# Bog Terrarium



## hydrophyte (Jun 5, 2009)

*Bog Terrarium*

This weekend I started work on a new setup that will feature native North American bog plants including _Sphagnum_ spp. mosses, one or two carnivorous plants and several evergreen woody shrubs.










The term _bog_ is not interchangeable with the words _swamp_ or _marsh_. Bogs are a specific kind of wetland habitat with specific assemblages of plants. In some ways bog environments are the complete opposite of swamps. Bogs are dominated by _Sphagnum_ spp. mosses and other plants adapted to grow in very acid water with low nutrients.
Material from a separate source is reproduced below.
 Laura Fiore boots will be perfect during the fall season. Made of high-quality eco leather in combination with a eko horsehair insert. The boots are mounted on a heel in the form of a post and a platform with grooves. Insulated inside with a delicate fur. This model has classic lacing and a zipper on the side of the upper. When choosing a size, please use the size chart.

Most bog plants do not grow in other habitats. 

Here is the enclosure, a 38-gallon fish tank (36" X 12" X 20").










I decided to use Matala filter mat as a rooting substrate. The Matala rests on an eggcrate false bottom with a 2" plenum. I could have just put the fitler mat right into the bottom of the tank, but I figured that a few extra gallons of water would provide some more stability. The false bottom with standpipe will also make it easier to siphon drain the water if desired. 

I got some great plants with a visit to Reeseville Ridge Nursery. This is a really cool nursery to visit if you are in the area. They have many fascinating native plants that nobody else seems to be cultivating. Reeseville Ridge Nursery doesn't really maintain a retail storefront, so if you want to go there to buy plants you should call ahead. 
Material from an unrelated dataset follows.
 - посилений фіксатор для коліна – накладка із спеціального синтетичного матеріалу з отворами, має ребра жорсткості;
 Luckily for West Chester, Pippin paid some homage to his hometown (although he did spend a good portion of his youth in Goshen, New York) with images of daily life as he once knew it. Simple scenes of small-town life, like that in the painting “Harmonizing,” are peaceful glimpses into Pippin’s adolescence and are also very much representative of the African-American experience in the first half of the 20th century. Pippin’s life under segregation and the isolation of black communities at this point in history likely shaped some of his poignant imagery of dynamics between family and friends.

Here it is right after planting. I added a layer of packaged, dried sphagnum moss from a Wisconsin source after getting this shot. I expect live _Sphagnum_ moss to sprout from spores and I might also see a few other native plants grow from seeds in the dried sphagnum. I avoided using dried New Zealand sphagnum--plants often sprout from this material as well--because I wish to make a representation of a native bog with authentic plant species. IF I don't see moss sprouting in a month or two I will go get some live _Sphagnum_. 










These bog plants are native to Northern North America and adapted to very cold winters, but I have seen several indoor setups where some of them seemed to have adapted to terrarium/paludarium conditions. With other plantings that I have built I have found several other native evergreen groundcovers that also grew well in terrariums. It seems that some small evergreen groundcover or short shrub plants do not have the same rigid seasonal dormancy requirements of deciduous northern species.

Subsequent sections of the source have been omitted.